Two lines mark the range in the entries below: the one holding "A modern seven-light" and the one holding "そういえば、同行しているクル". Set down those two and all lines between them, exactly.

Data to examine —
──────

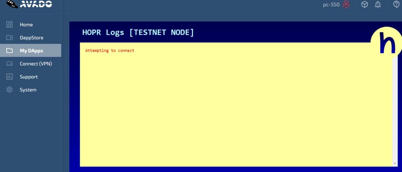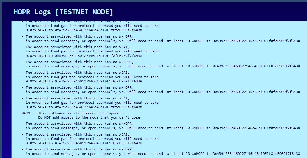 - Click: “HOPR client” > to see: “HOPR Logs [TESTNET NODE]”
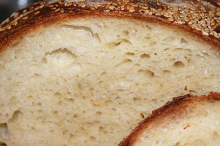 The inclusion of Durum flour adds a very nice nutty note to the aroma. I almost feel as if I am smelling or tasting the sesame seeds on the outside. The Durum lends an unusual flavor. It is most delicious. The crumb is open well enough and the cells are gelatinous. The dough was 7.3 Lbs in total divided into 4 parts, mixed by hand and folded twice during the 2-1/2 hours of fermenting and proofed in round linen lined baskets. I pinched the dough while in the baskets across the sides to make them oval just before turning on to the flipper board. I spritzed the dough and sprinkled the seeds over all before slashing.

──────

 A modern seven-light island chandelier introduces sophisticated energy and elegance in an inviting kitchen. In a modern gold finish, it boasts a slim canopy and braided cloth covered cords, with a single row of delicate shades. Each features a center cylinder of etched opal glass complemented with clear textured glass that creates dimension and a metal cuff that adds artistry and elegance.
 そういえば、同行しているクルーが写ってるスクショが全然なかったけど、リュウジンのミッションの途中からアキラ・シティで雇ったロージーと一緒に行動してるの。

──────

Response to the task —
 A modern seven-light island chandelier introduces sophisticated energy and elegance in an inviting kitchen. In a modern gold finish, it boasts a slim canopy and braided cloth covered cords, with a single row of delicate shades. Each features a center cylinder of etched opal glass complemented with clear textured glass that creates dimension and a metal cuff that adds artistry and elegance.
 そういえば、同行しているクルーが写ってるスクショが全然なかったけど、リュウジンのミッションの途中からアキラ・シティで雇ったロージーと一緒に行動してるの。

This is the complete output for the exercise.